The downside to being a kid in Big Sur, he says, is “being so far from everything. Like, I want to go do this, but we can’t because it takes too much time to get there.” Yes, we can relate to that one. It’s a matter of taking the good with the bad, but it does seem to be harder on younger folks.

Stefan will be learning navigational skills working on the Buckthorne, a buoy tender on the Great Lakes. Buoy tenders are the Coast Guard’s unsung heroes: it’s tough as nails work, and ensures the safety of ships throughout the region. Sailors rely on buoys the way airline pilots rely on landing lights, says the Coast Guard literature.

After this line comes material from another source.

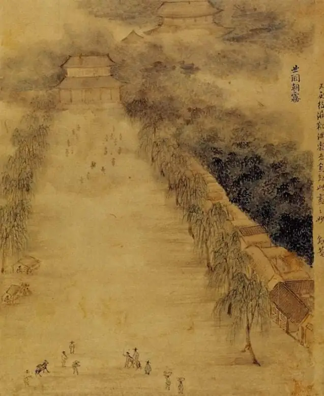 그런데 저 거리는 광화문 대로가 아니라 창덕궁 앞 거리를 그린 것이다. ‘북궐(北闕)’이라는 말 때문에 그런 오해를 일으킨 모양이다. ‘북궐’은 ‘동궐’과 ‘서궐’에 대하여 말할 때 경복궁이 되는 것이지, 그렇지 않을 때는 대개 ‘임금이 사는 궁궐’을 지칭한다. 그래서 ‘남면(南面)’이란 말이 성립한다. ‘남면’은 임금의 자리에 오르거나 임금이 되어 나라를 다스린다는 말이다. (당연히 ‘북면(北面)한 신하’라는 말이 성립함)

Fortunately he’s beginning his service in the Springtime of this notoriously cold part of the country.

The Great Lakes were formed during the last Ice Age, about 14,000 years ago, and the temperature there today was 46 degrees, dropping to 30 degrees (in other words, they’re expecting snow on this early April evening.) Considering Stefan’s least favorite memory of basic training was a midnight fire drill that left him outside in very cold weather in his skivvies, we imagine he’ll be dressing warmly.

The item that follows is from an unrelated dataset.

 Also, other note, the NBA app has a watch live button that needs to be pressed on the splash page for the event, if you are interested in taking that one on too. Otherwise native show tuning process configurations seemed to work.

Right now it seems Stefan’s biggest problem is listening to his Mom rave about his accomplishments, and about the first-class treatment they received at the Admiral’s Club in the airport. “Hey, give her a break,” we say, “she’s a Mom, after all!” And, fitting for any discussion involving sailors, we debate the pros and cons of different tattoos, what the Coast Guard allows and what it doesn’t (no graphics above the collar of your shirt, for example.)

That evening, all the adults are moved by the potency of Stefan’s fresh start in a new world, where he’ll be following his dream and helping others along the way. Youth, strength, integrity, awareness, Stefan embodies all of these qualities profoundly.

As we start to give him advice for his future though, a neighbor who’s a veteran laughs at us. He’s more interested in pay and benefits (Stefan will make about 7 times what he made per month in the Marines in the 60’s.) The idea of sending Mom pictures of his apartment elicits a snort: “I would never have shocked my mother that way,” he says to me, discreetly.

Soft buzz cut hair with v-like pattern on top of his head, slate blue eyes, old soul smile. Hood pulled over one side of his face, napping after dinner with his head resting on his dog’s belly…we wonder where the world will take Stefan on this next adventure, what challenges he will face, what dreams he will fulfill. It's comforting to know though, that where ever he goes, he will be piloting his own ship.